- _WHAT YOU ARE ASKED TO DO_
Retype the listing exactly. Leave out the images.

EXERCISE DATA below:

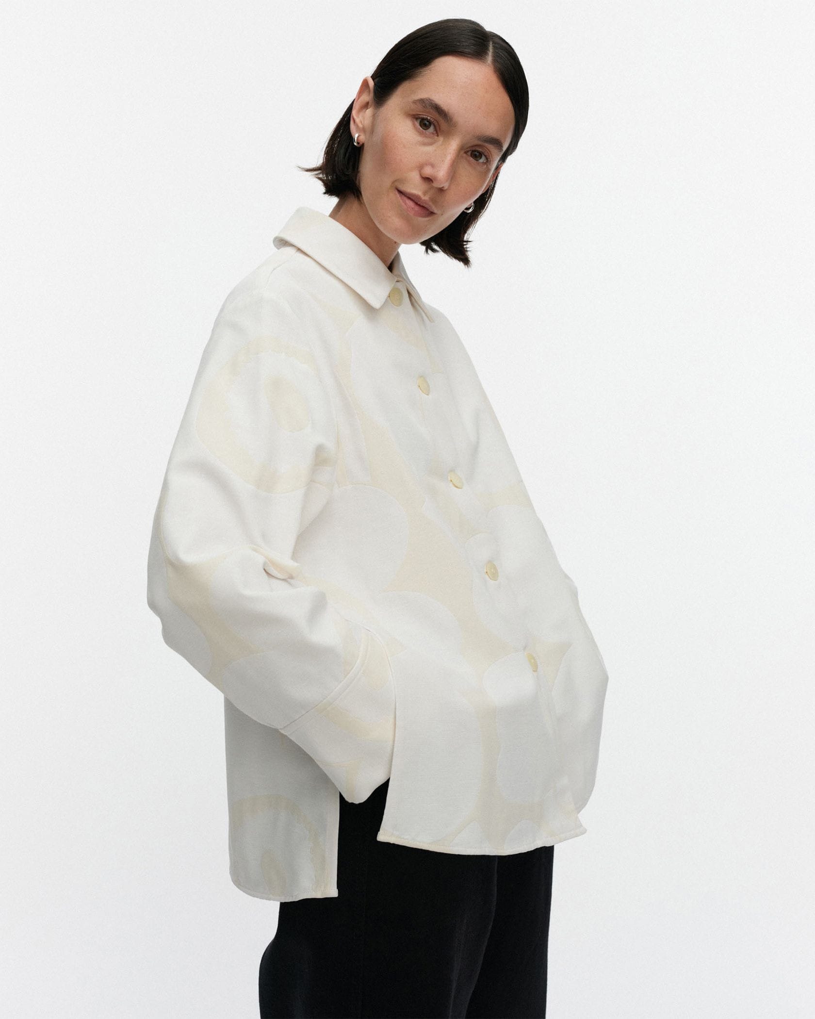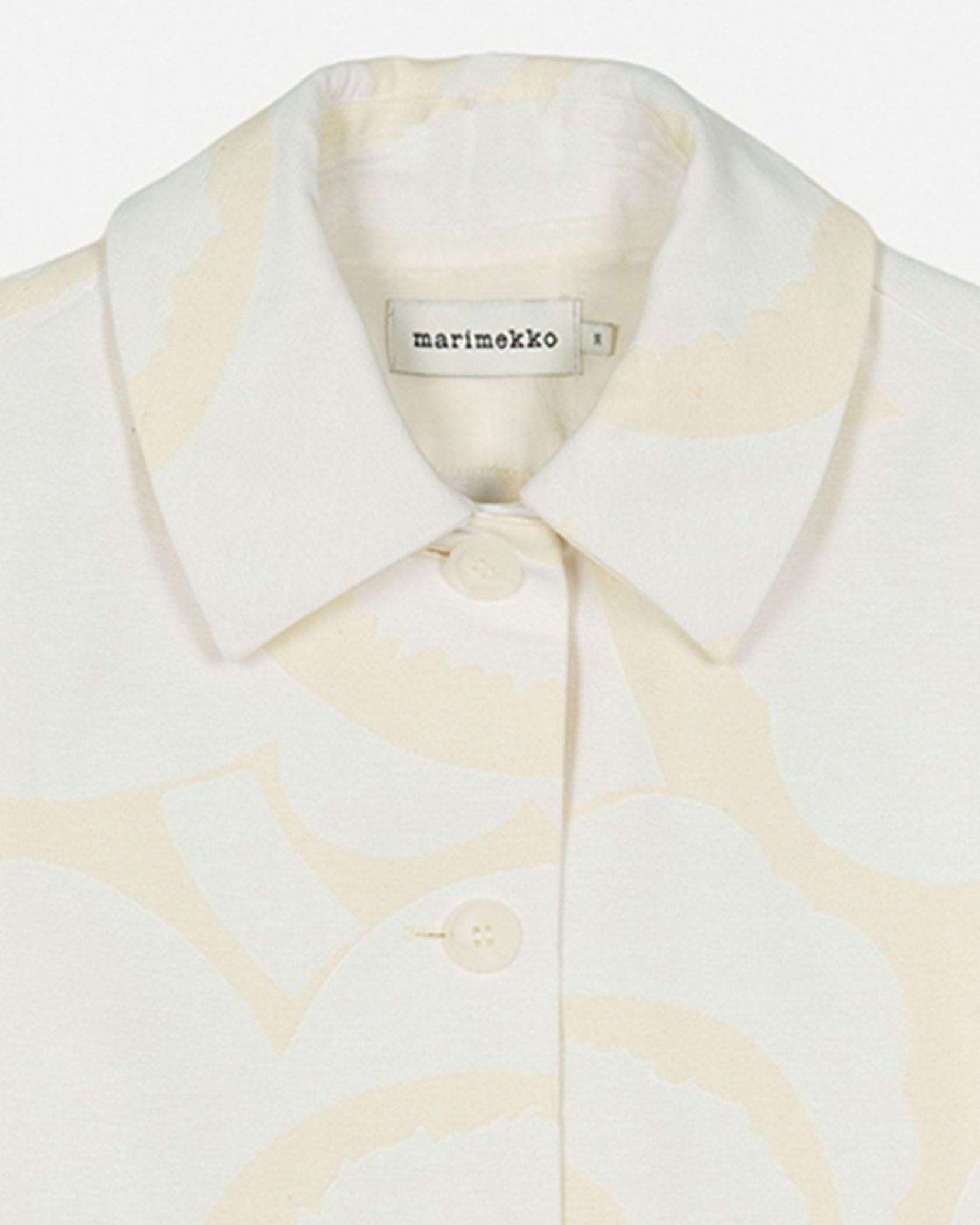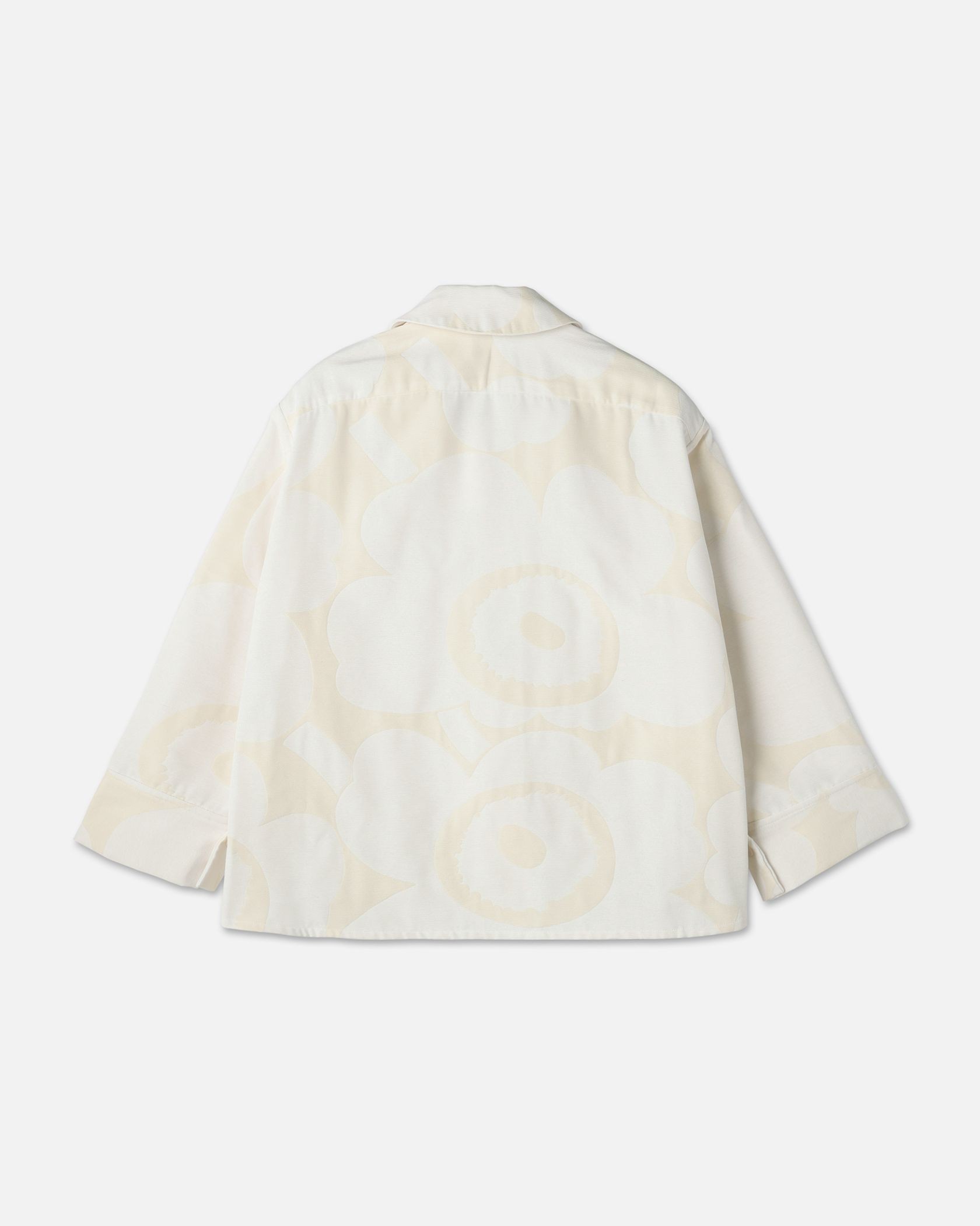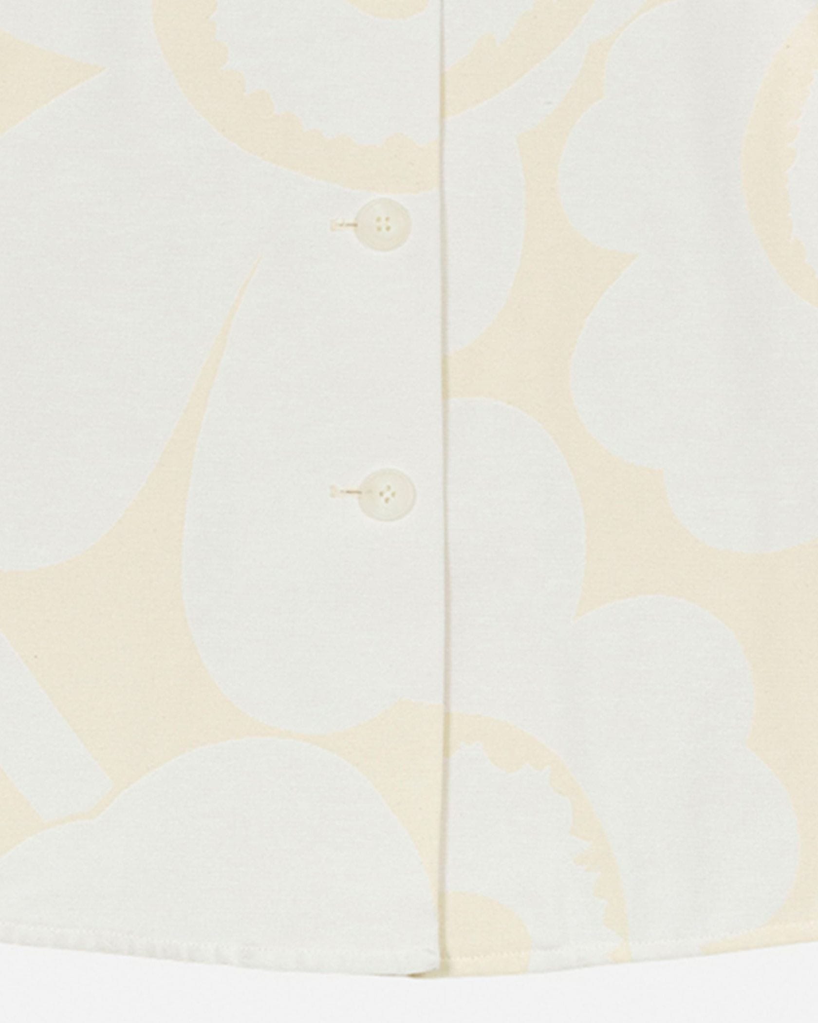 さりげないUnikko柄モチーフがシックなムードのボタンアップシャツ。オーバーサイズのストレートフィットがモダンなシルエット。大きなスリット入りのサイドシームの裾、大きな襟、バックヨークのシームがスタイリッシュなデザインポイント。いつもの着こなしにプラスして華やかなコーディネートが実現します。
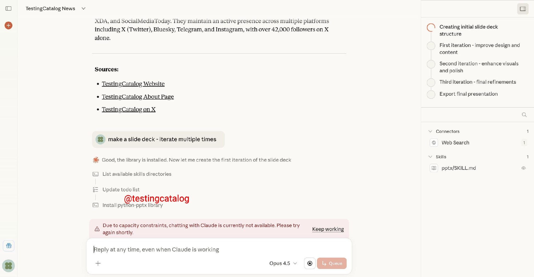 Claude 将运用不同的技能和 MCP 来实现目标。对于复杂的任务,它会生成需要执行的行动计划。
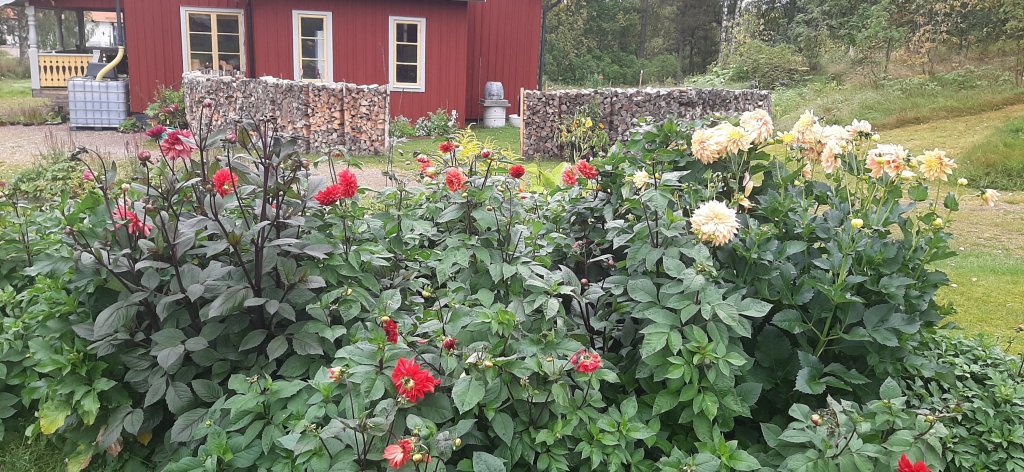Inmiddels is hier de herfst onderweg. De eerste nachtvorst is geweest (vandaar dit dahliaverhaal). Nu kunnen we alles nog redden met vliesdoek maar niemand weet voor hoe lang. In de kas zijn de paprika’s en meloen nog niet klaar. Duimen maar, dat het voorlopig alleen maar nachtvorst blijft.

End of EXERCISE DATA.

- _TASK RESULT_
 さりげないUnikko柄モチーフがシックなムードのボタンアップシャツ。オーバーサイズのストレートフィットがモダンなシルエット。大きなスリット入りのサイドシームの裾、大きな襟、バックヨークのシームがスタイリッシュなデザインポイント。いつもの着こなしにプラスして華やかなコーディネートが実現します。
 Claude 将运用不同的技能和 MCP 来实现目标。对于复杂的任务,它会生成需要执行的行动计划。
Inmiddels is hier de herfst onderweg. De eerste nachtvorst is geweest (vandaar dit dahliaverhaal). Nu kunnen we alles nog redden met vliesdoek maar niemand weet voor hoe lang. In de kas zijn de paprika’s en meloen nog niet klaar. Duimen maar, dat het voorlopig alleen maar nachtvorst blijft.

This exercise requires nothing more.